Welfare Reform: States Seek Funds, Not Strings
WASHINGTON
THE nation's Republican governors have spoken, and Washington has heard: Give us your money to support and help poor people, but don't tell us how to use it.
Many questions remain in the wake of the lively National Governors Association (NGA) meeting here, which wrestled with the priority issue of welfare reform, but failed to reach a bipartisan consensus on how money should be dispersed - or whether benefits should still go automatically to all who qualify.
Still, there is bottom-line agreement among Republicans and Democrats, in statehouses, Congress, and the White House, that states need greater flexibility in dealing with a system that needs fixing.
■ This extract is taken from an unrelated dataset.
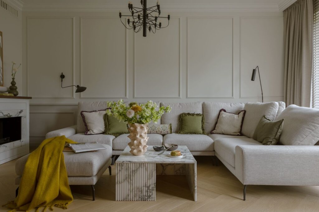 Florystyka to nie tylko zawód, ale sposób postrzegania świata – przez fakturę, zapach, gest. Dlatego projektantka chciała, by mieszkanie było jak ogród zimowy: pełne światła, ale nie krzykliwe, harmonijne w proporcjach i kolorach. Dominują beże, ciepłe szarości i naturalne tony, które stapiają się w spójną, miękką całość.
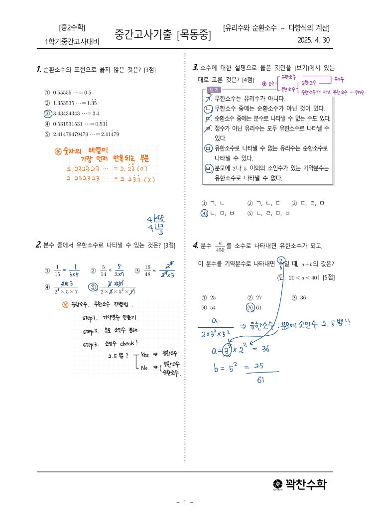 2025학년도 1학기 목동중2 중간고사 수학 분석 유리수와 순환소수 ~ 부등식의 계산 시험일 : 2025년 4월 30일 시험범위 : 유리수와 순환소수 ~ 부등식의 계산 전체 총평 목동중 2학년 1학기 중간고사는 문제 자체의 난도가 매우 높다기보다는 기본 개념을 얼마나 정확히 이해하고 있는지를 확인하는 시험이었습니다. 특히 단순 계산형 문제보다는 유리수와 순환소수의 정확한 개념 이해 분수를 기약분수로 변형하여 판단하는 능력 순환소수의 자리 규칙을 읽어내는 문제 지수법칙과 다항식 계산에서의 실수 없는 정리 능력 일차부등식의 성질을 정확히 적용하는 능력 을 고루 확인하는 구조였습니다. 전반적으로 보면 중상 난이도의 시험으로 볼....... <img src="https://blogthumb.pstatic.net/MjAyNjAzMTdfMTM0/MDAxNzczNzM4MTk3NTQ2.9CKiBI1MelGs2fW2pIl4SjaeaVRUhw6BSDFmKa4f-agg.lT-VOd5ZPJXvmlTxxkBOPUksNty3HH1daYiHHSH5lBAg.JPEG/KakaoTalk_20260317_174842128.jpg?type=s3" />

A central proposal, which has been supported by Republican governors and House Republicans, would replace the current funding mechanism with so-called block grants - a lumping together of federal welfare funds that are handed over to the states to be used as they see fit.
The merit of the idea, supporters say, is that states know best what their poor people need and should have greater ability to fine-tune their programs at the state level. Currently, states must apply for waivers from the Department of Health and Human Services to experiment with welfare programs, such as ending benefits after two years or denying additional benefits when a welfare mother has a new baby.
But the block-grant idea itself is an untested experiment in welfare reform; never before has an entitlement program been turned into a block grant. And some observers question how it would work in practice - and whether it might end up leaving some of the most vulnerable members of society, children, out in the cold.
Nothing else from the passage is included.